* **What needs to be done**:
Set the whole listing down again, word for word, with no pictures.

* **Provided data**:

====

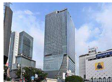
渋谷スクランブルスクエア

靴の歴史展示+靴のファッション史+お手入れ体験+学生作品展+ワークショップなどで構成する総合イベント
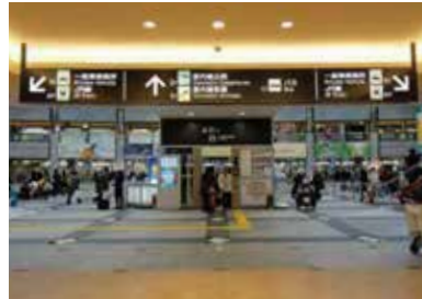
4 상점가를 지나면 국내선 여객터미널 엘리베이터가 있습니다.
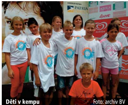
Děti v kempu

====

* **Exercise answer**:
渋谷スクランブルスクエア

靴の歴史展示+靴のファッション史+お手入れ体験+学生作品展+ワークショップなどで構成する総合イベント
4 상점가를 지나면 국내선 여객터미널 엘리베이터가 있습니다.
Děti v kempu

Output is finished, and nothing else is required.